What the task asks -
Transcribe, exactly and without pictures, the lines below from the line with "Був радником прем'єр-міністра" to the line with "Jako v Dubaji", both ends included, and no others.

Supplied material -
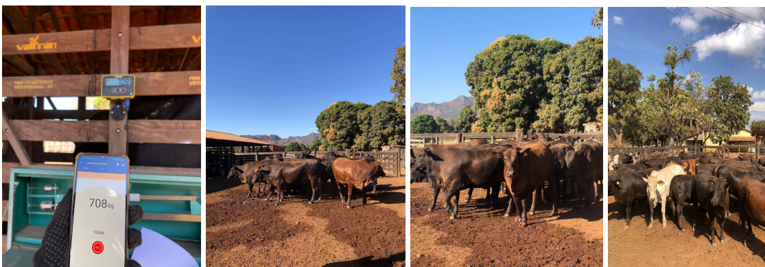
Figura 7. Pesagem e saída dos animais do confinamento.

As novilhas F1 Angus que já estavam no confinamento no início do estágio, começaram serem levadas para o abate (Figura 7), saindo do confinamento com 83 dias de cocho e peso médio igual 523,5, os demais animais que foram inseridos durante o estágio, seguiram confinados na dieta de terminação.
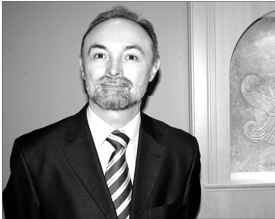
Виконуючий обов'язки голови Організації Українських Націоналістів та голови Правління Фондації ім. Олега Ольжича Микола Яковина

Був радником прем'єр-міністра В. Ющенка, обирався народним депутатом України V скликання від Блоку “Наша Україна” і заступником голови парламентського Комітету у закордонних справах. В уряді Юлії Тимошенко працював заступником міністра культури і туризму.
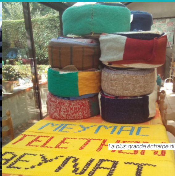
La plus grande écharpe du monde
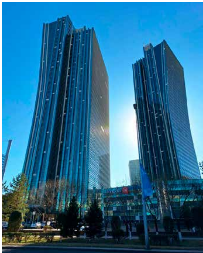
Jako v Dubaji

Centrum bylo otevřeno před 7 roky, jako stavbaře mne některé věci udivily. Příjezdová komunikace vedoucí kolem byla šířky do 5 metrů. Centrum mělo vysoké kovové oplocení s bránou šířky kolem 3 m. Dostatečné pro zabočení a jezd osobních aut i malých mikrobuseů. Řidiči autobusů se naučili, jak se do areálu centra dostat; vjeli na protější chodník, příp. až do živého plotu a s 1–2 couvnutími vjeli. Projekt nepočítal s autobusy na rozlehlém parkovišti centra? Stačila by brána metr a něco širší a vsunutá do areálu.
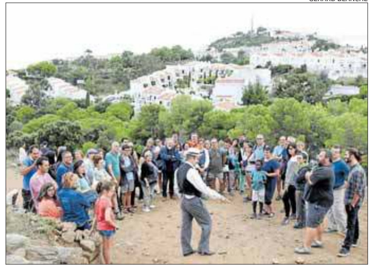
Per la festa, divendres, es va fer una visita teatralitzada a l'espai.

Les excavacions, que es van dur a terme durant tres setmanes del passat juliol, han servit també per localitzar una nova porta a la muralla, totalment desconeguda, "en un punt d'accés al recinte que dona pas a unes estructures encara per definir i que podrien ser importants", apunta Puig. En aquest sentit, lligaria amb la idea que el Càstrum fou l'indret on s'emplaçà l'elit de la zona. De fet, aquí s'hi recollia una producció agrícola important. "Era més que un poblat i té un aspecte únic, un tipus de muralla i ocupació que no té paral·lels", afirma Puig qui assegura

The completed task -
Був радником прем'єр-міністра В. Ющенка, обирався народним депутатом України V скликання від Блоку “Наша Україна” і заступником голови парламентського Комітету у закордонних справах. В уряді Юлії Тимошенко працював заступником міністра культури і туризму.
La plus grande écharpe du monde
Jako v Dubaji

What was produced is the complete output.